* EXTRACTED MATERIAL
───

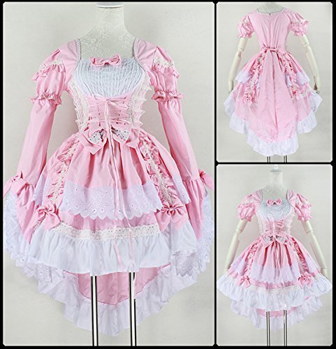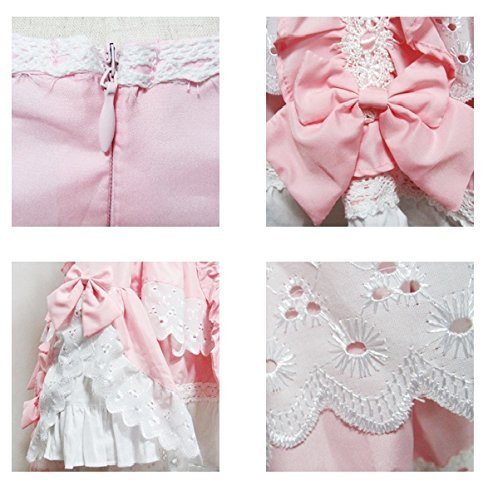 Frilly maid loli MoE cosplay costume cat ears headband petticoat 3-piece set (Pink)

───

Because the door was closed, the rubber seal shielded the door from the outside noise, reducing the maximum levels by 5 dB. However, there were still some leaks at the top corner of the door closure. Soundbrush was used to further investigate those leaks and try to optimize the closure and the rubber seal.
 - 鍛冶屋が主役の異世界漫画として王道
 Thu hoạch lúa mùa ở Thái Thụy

───

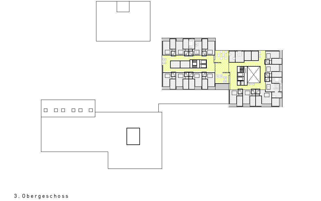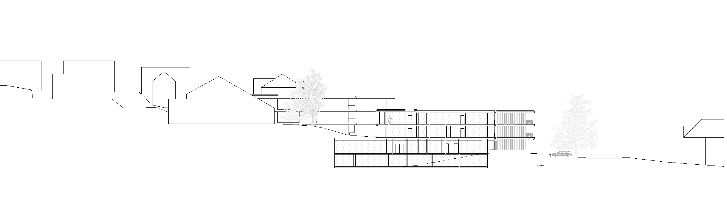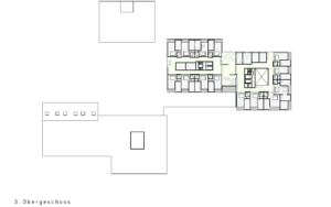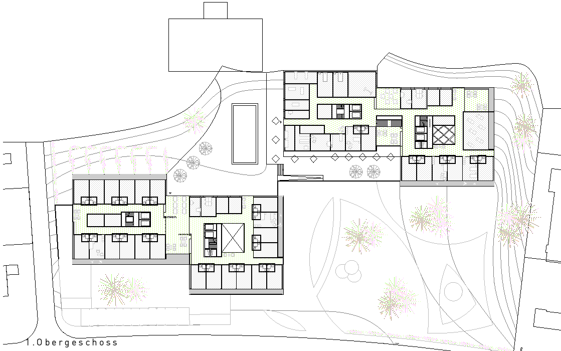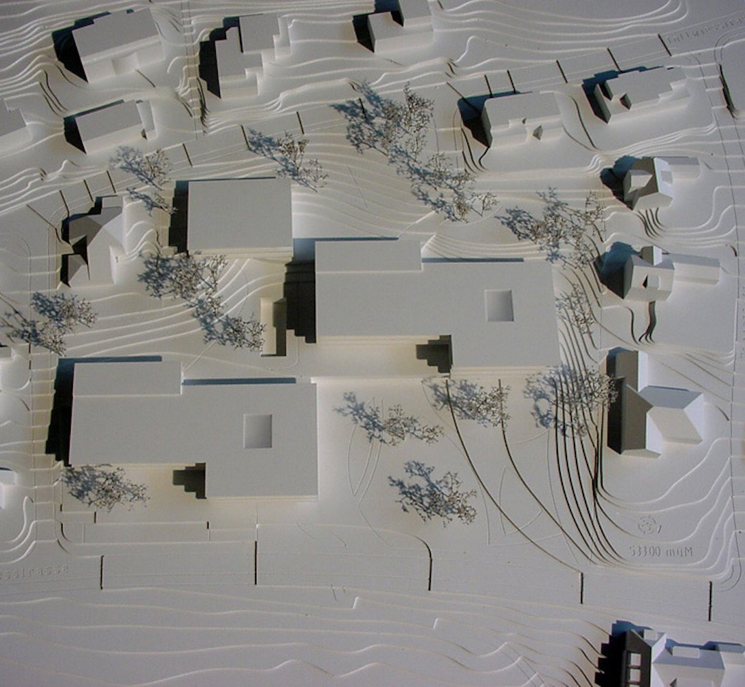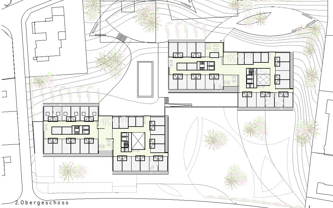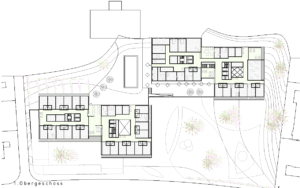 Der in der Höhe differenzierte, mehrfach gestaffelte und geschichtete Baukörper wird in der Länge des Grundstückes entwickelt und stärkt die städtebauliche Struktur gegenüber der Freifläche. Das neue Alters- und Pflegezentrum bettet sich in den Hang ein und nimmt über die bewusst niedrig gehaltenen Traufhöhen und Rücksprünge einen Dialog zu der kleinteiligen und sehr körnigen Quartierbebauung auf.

───

* WHAT THE TASK ASKS
Once you reach the line with "- 鍛冶屋が主役の異世界漫画として王道" in the data above, copy it and every line after it exactly, up to and including the line with "Thu hoạch lúa mùa ở Thái Thụy".

* ANSWER TO THE PROBLEM
 - 鍛冶屋が主役の異世界漫画として王道
 Thu hoạch lúa mùa ở Thái Thụy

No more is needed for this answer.